生体心理学者のナイジェル・バーバー氏は、著書の執筆のため、137カ国の人々の信仰について調査した。その結果、とりわけ先進国で宗教を信仰する人は、2041年までにかなりの少数派になるのではないかと提唱している。

・宗教消滅にかかる年月の計算法
信者が多い発展途上国が、日本やスウェーデンのような無神論者が多数を占める先進国へ転身する年月は、計算可能だという。

バーバー氏は著書のなかで、各国の信者の数と、国内総生産、人間開発指数(生活の質や発展度合いを示す指標)を計算することで、宗教消滅にかかる期間を推計できると述べている。そして平均的にほとんどの国が、あと28年で無宗教化するのではないかとの見方を強めている。

・宗教に代わるもの
昔の人々は、疫病や天災などによる不安や試練で、心の拠りどころとなる超然的な存在を必要としていた。しかし現代は、、医学の進歩や経済の安定、福祉の充実などで不安が減少し、宗教に頼らなくてもよくなってきている。
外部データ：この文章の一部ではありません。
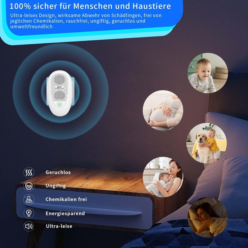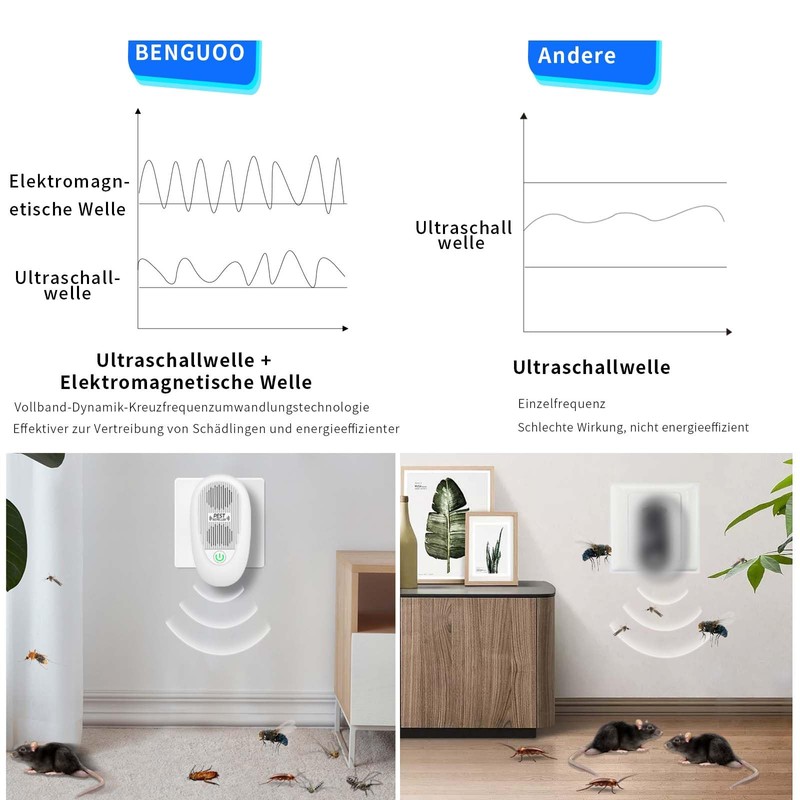- Wirksame Abwehr gegen Mäuse und Ratten: Leistungsstarke Ultraschallwellen stimulieren das Nerven- und Hörsystem von Nagetieren und vertreibt sie. Die Schädlingsaktivität kann in den ersten zwei Wochen zunehmen. Nach 4 bis 5 Wochen ist Ihr Zuhause jedoch frei von Schädlingen.

そのため、先進国では物質的に豊かになるにつれて、無神論者が急増しているそうだ。また、スポーツや娯楽などにより、宗教は人々の生活から締め出される状態に陥っている。

宗教は信仰心だけでなく、それにまつわる貴重な文化を数多く残してきている。例え信仰心がすたれていってしまっても、そういった遺産や文化は、これからもずっと継承され続けてほしいものだ。

参照元:Mail Online(英文)
執筆:Nekolas
Photo:RocketNews24.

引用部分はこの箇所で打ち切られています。